Soon after they both undergo treatment, Chloe disappears, but Samantha is too busy with her newfound popularity to notice at first. The treatment changes everything for Samantha; she feels more confident on and off camera, buys a new house, and hires her best friend Lydia (Este Haim) as her assistant to manage her newfound success. She even becomes friends with Zoe, who encourages her to embrace her power as a woman to get what she wants.
Samantha blossoms, landing the movie role of her dreams and feeling sexy for the first time in her life. But when the treatment starts giving Samantha unexpected side effects, the facade of Zoe and her beauty empire begins to crack. Soon, Samantha realizes that everything that happened to Chloe is happening to her, too.
Somehow, at 100 minutes, Shell still feels too short. Writer Jack Stanley's script hurtles through scene after scene, without much room to stop and think about where the story is going. Moss does her best as Samantha, but the character is so shallowly written that there isn't much to hold on to. Samantha's transformation is largely internal, where she gains confidence and all her problems seem to fall away.
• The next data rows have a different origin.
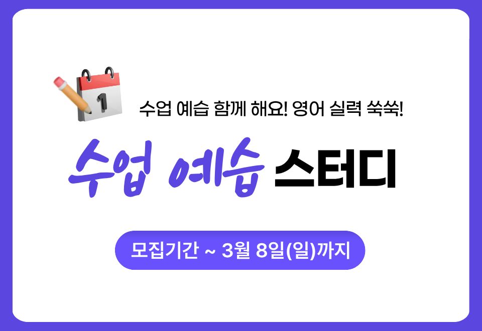 혼자 하기 어려웠던 수업 예습, [수업 예습 스터디]에서 함께 하고 영어 실력 빠르게 키워보세요!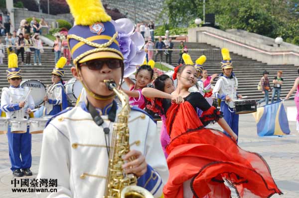 中國臺灣網5月2日上海消息 在5月1日開幕的“2014上海之春國際音樂節管樂藝術節上,一支身著藍白相間服裝,頂戴黃色花翎的隊伍十分引人注目。他們是來自臺灣的阿里山下的嘉義市博愛小學行進管樂隊。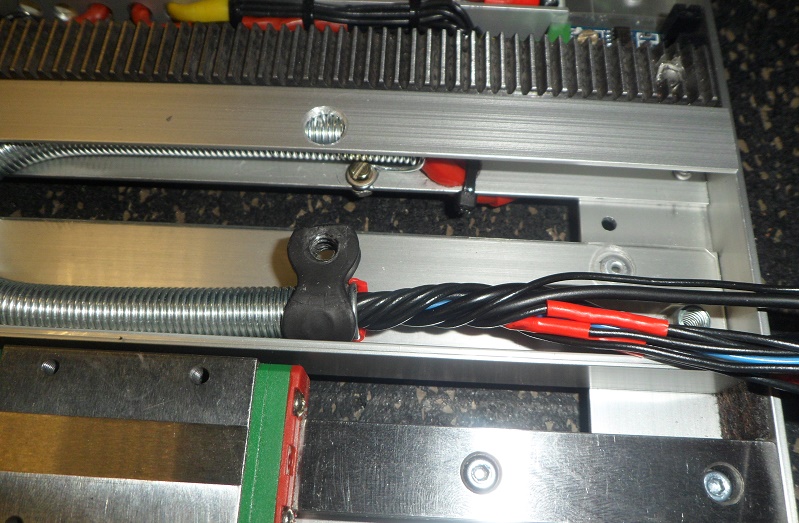 Один конец пружины крепим на каркасе с линейными направляющими, второй на самой каретке.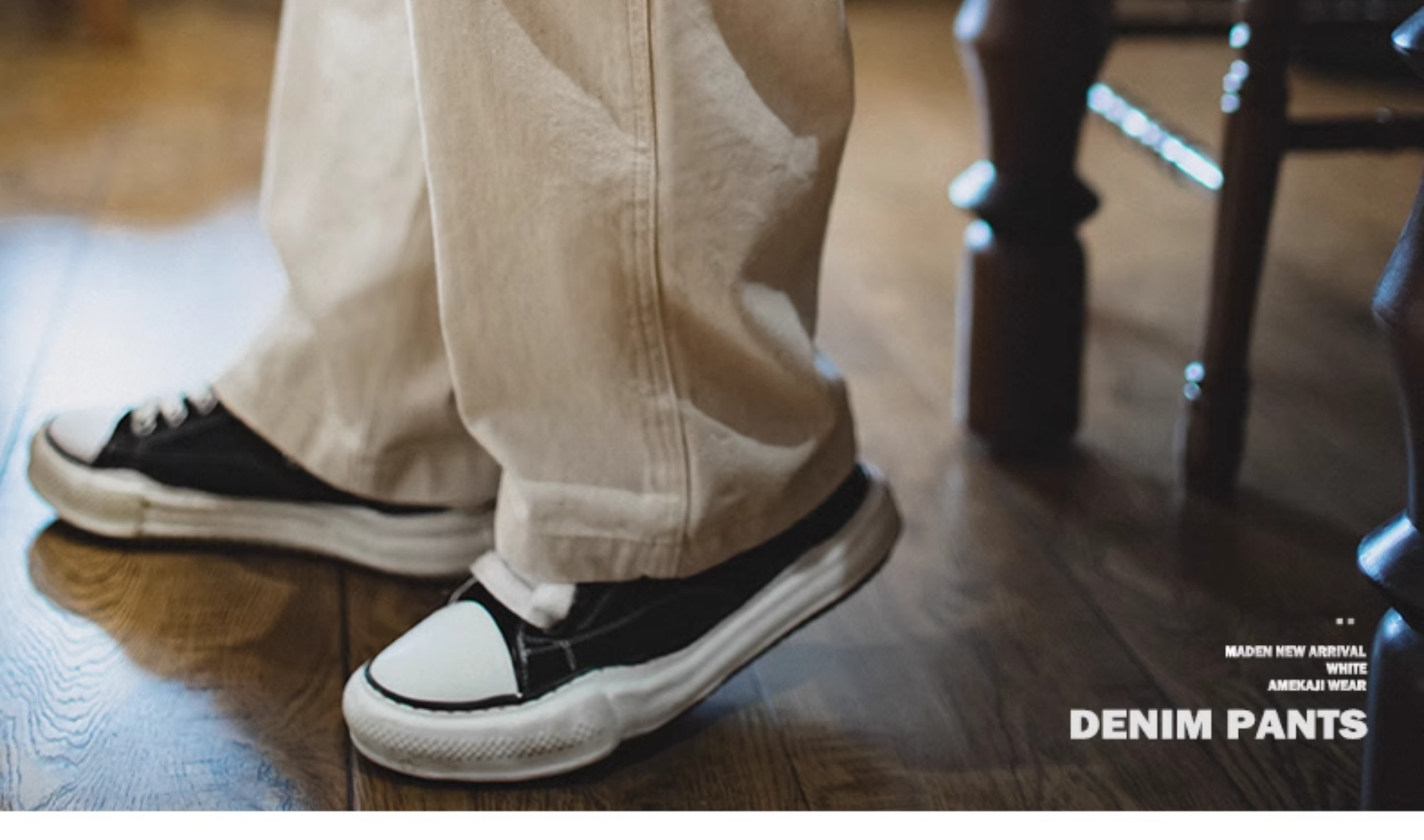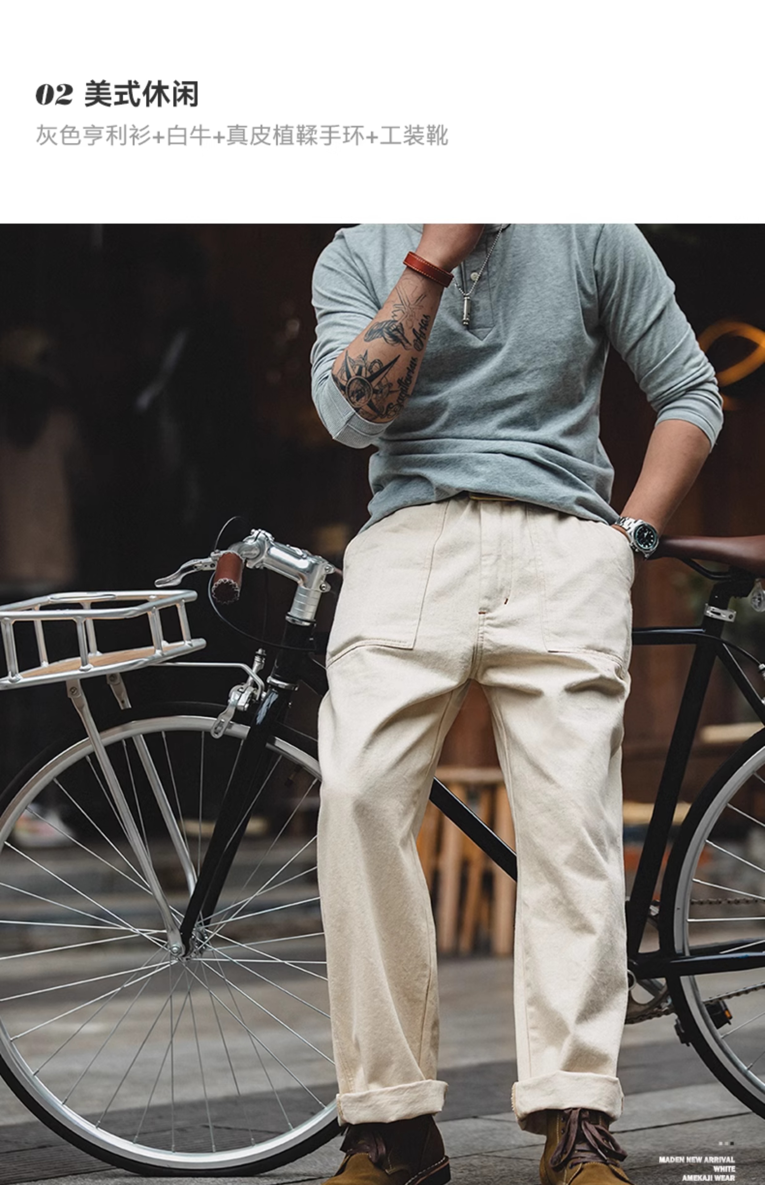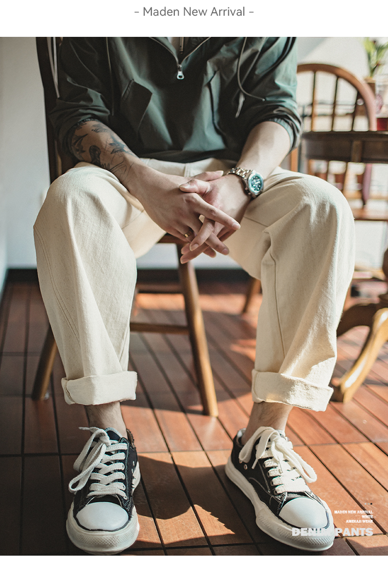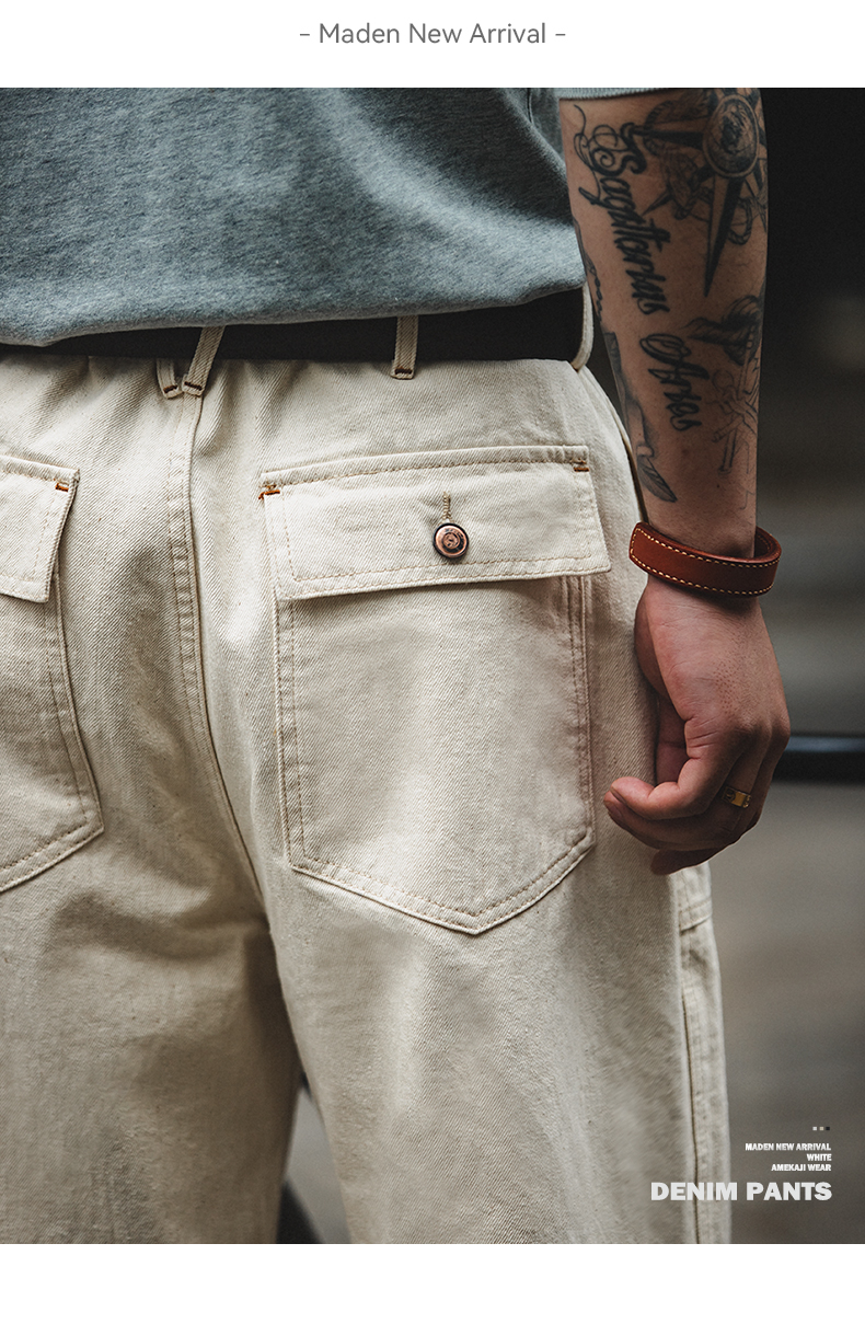 马登工装 美式复古棉籽壳白色牛仔裤宽松直筒阔腿休闲长裤子男春

The story comes into sharper focus as the horror elements slowly creep in. The body horror aspects are among the most interesting, injecting the film with a healthy dose of violence. Hudson has a lot of fun as Zoe, but the film keeps stopping short of turning her into a full-blown camp villain. Everything she does feels a little too tame, too tidy, when she should be getting her hands dirty. Shell is at its best when it's aiming for the grotesque, but the look of the film is a little too clean to fully sell it. The visceral nature of classic camp horror is what makes it so memorable. There's courage in a film that isn't afraid to commit to being ugly.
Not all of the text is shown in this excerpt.